"Aku mau putus!"
Sudah empat tahun Nindya menjalin hubungan dengan Robby, teman sekelas waktu SMA. Namun semenjak kuliah mereka sering putus nyambung dengan permasalahan yang sama.
Robby selalu bersikap acuh tak acuh dan sering menghindari pertikaian. Sampai akhirnya Nindya meminta putus.
Nindya sudah membulatkan tekatnya, "Kali ini aku tidak akan menarik omonganku lagi."

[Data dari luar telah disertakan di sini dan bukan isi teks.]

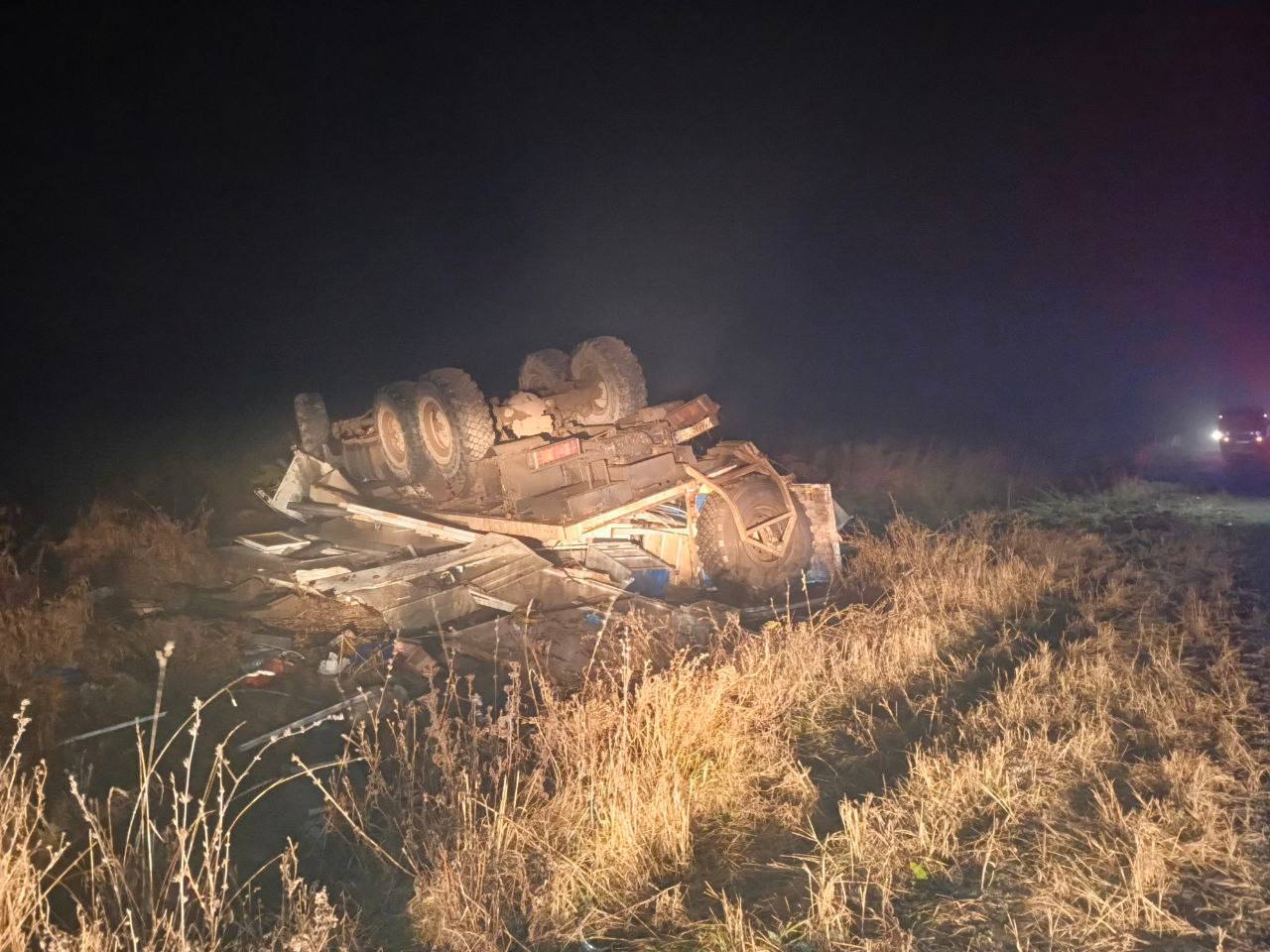 Из-за удара КАМАЗ съехал в кювет и опрокинулся.

Tapi ini bukan kisah tentang Nindya dan Robby. ini kisah tentang Nindya dan cinta sejatinya. Siapakah dia? Mampukah dia melupakan cinta Robby? dan Apakah cinta barunya mampu menghapus jejak Robby?
Happy reading~
Karya ini diterbitkan atas izin NovelToon ginevra, isi konten hanyalah pandangan pribadi pembuatnya, tidak mewakili NovelToon sendiri
Potato
~Happy reading~
.
.
Kuliah semester 5 mungkin bukan semester tersibuk, namun Nindya tetap harus mampu membagi waktunya antara tugas kuliah dan kehidupan pribadinya. "Tahu gini aku nggak usah pacaran dulu aja."

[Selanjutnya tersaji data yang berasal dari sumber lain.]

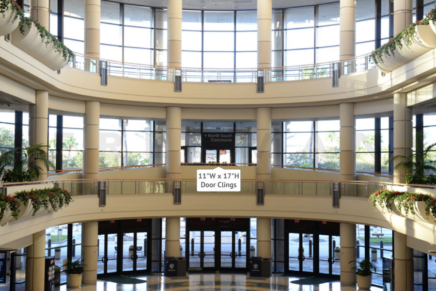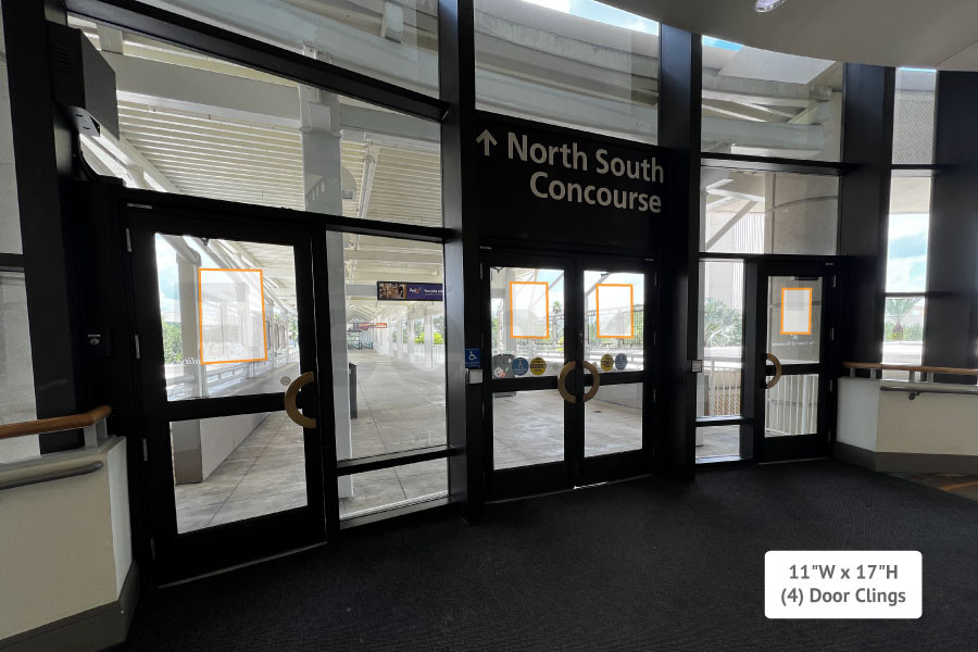 In facing graphics only. ATS will have placement on exterior of building. Advertising placement includes 11 in. X 17 in. graphic placed above door handle on all doors with the exception of the handicap door set when not permitted.
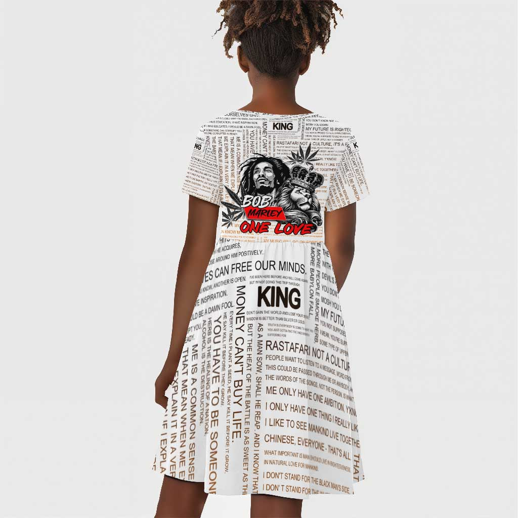 Afro King of Reggae Legend Bob Kid Short Sleeve Dress Rastafari Lion Cannabis Typography Style

Setelah resmi berpacaran dengan Denis, Nindya menjadi kualahan dengan sikap Denis yang clingy . Setiap saat harus membalas pesan dan malam harinya Denis selalu meminta untuk bertemu.

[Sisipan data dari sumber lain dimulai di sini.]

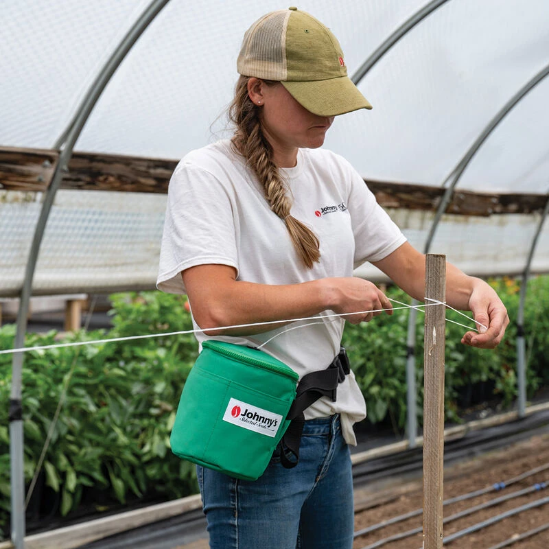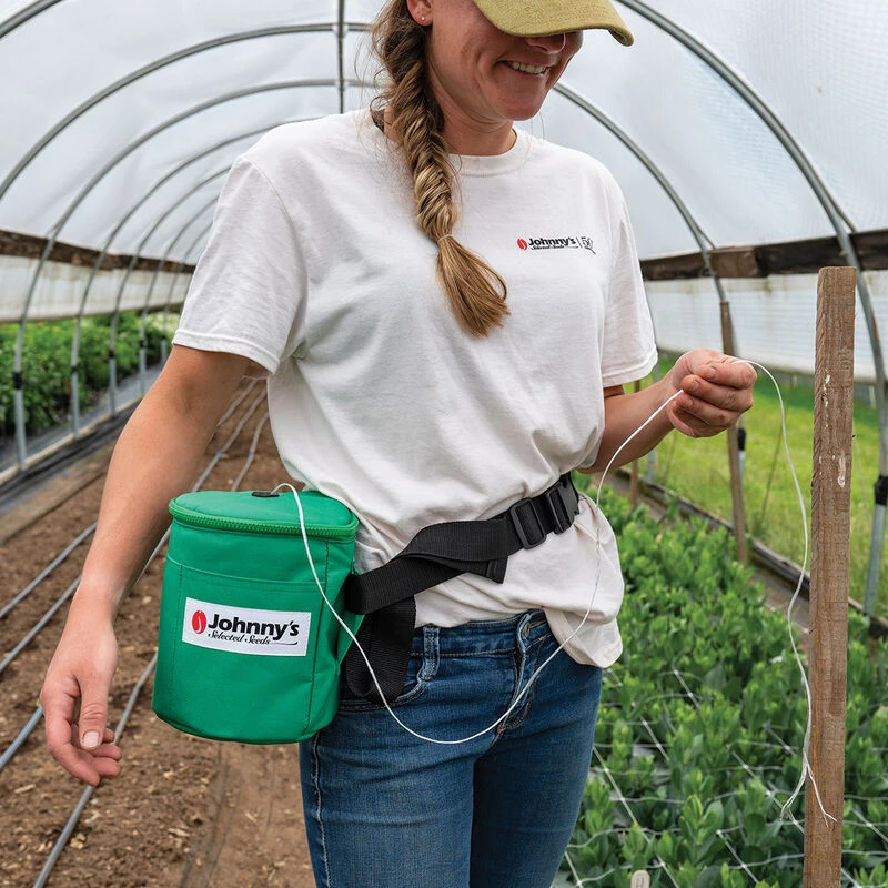 A convenient time-saver for anyone trellising their crops with sisal (9241) or polypropylene (9834 and 9353) twine. Rubber tensioners in the eyelet hold the twine in place and keep it from falling back into the tote during use. Includes an optional adjustable waist belt, belt loops, and (2) 5 1/2″-deep pocket compartments. This padded tote measures a compact 7 3/4″ tall x 7″ diameter.
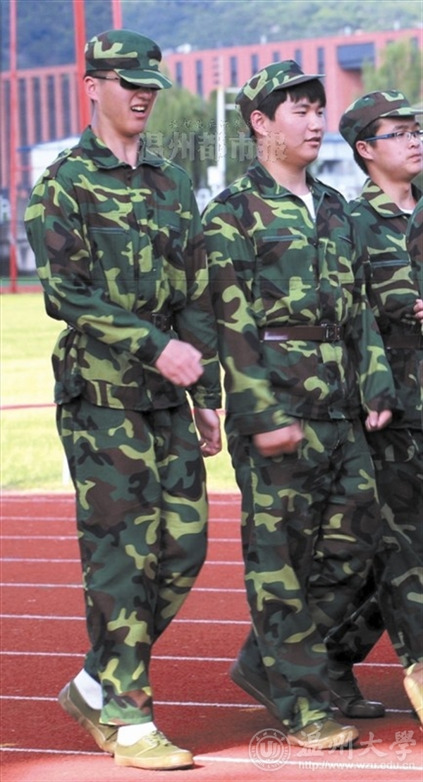 温大2015级4000多名新生于9月12日开始军训,浙江首位盲人大学生郑荣权(本报之前曾连续报道)也参加了军训。郑荣权如何完成军训科目?又是如何在队列训练中与队伍保持协调的?前日,记者来到九色视频 北校区训练场上一探究竟。

Nindya: kamu nggak kerja? Jam segini kok masih bisa balas chat?
Denis: ini lagi kerja, tapi udah di handel sama karyawan aku. Jadi aku nganggur.
Nindya: kalau mau off sampai jam 12 juga nggak apa apa. Soalnya aku juga ada kuliah sampai siang.
Denis: nggak ah, entar kangen lagi. Kamu bisa chat-an kan pas kuliah?
Nindya: bisa sih, tapi takut kalau nggak fokus.
Denis: oh ok, kita off dulu. Tapi nanti langsung chat aku ya kalau udah selesai.
Nindya: iya
Denis: beneran lho ya, jangan kayak kemarin! Katanya jam 2 siang udah selesai eh malah chat jam 2 lebih seperempat.
Nindya: kan ada yang namanya perjalanan pulang sayang. Masa aku jalan sambil pegang hp sih. Nanti kalau jatuh gimana?
Denis: masa jalan ke kos sampek 15 menit? Kos kamu kan dekat.
Nindya: iya..iya... Begitu sampai kos langsung chat kamu.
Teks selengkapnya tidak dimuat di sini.